Exercise -> Without any pictures, print exactly the lines that run from the start of the data through the line containing "トレーニングウェア バスケットボール キッズ".
[Available data — start]
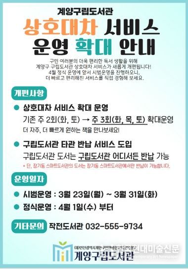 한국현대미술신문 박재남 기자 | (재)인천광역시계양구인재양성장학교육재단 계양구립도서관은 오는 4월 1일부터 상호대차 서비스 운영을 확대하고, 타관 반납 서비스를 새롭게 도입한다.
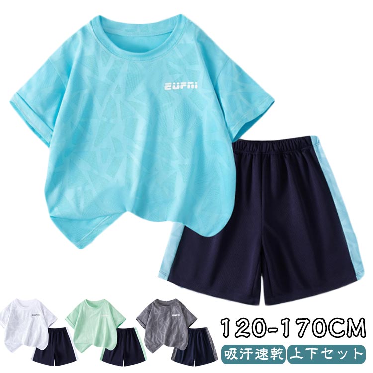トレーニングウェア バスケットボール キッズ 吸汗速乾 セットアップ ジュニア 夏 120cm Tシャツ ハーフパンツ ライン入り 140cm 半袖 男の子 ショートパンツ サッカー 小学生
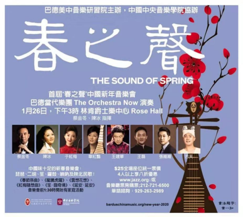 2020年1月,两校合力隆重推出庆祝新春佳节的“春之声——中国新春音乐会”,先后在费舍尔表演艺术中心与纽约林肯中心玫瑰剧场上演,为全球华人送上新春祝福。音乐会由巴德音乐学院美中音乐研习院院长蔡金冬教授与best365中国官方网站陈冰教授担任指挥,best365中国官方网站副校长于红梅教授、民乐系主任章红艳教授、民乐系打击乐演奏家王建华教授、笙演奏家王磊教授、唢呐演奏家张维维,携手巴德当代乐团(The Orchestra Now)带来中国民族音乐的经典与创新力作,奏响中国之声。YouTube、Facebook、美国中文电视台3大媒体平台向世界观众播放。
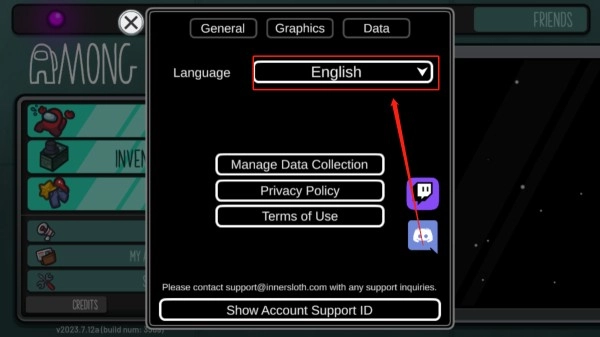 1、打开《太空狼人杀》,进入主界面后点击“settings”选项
[Available data — finish]
Expected answer ->
 한국현대미술신문 박재남 기자 | (재)인천광역시계양구인재양성장학교육재단 계양구립도서관은 오는 4월 1일부터 상호대차 서비스 운영을 확대하고, 타관 반납 서비스를 새롭게 도입한다.
トレーニングウェア バスケットボール キッズ 吸汗速乾 セットアップ ジュニア 夏 120cm Tシャツ ハーフパンツ ライン入り 140cm 半袖 男の子 ショートパンツ サッカー 小学生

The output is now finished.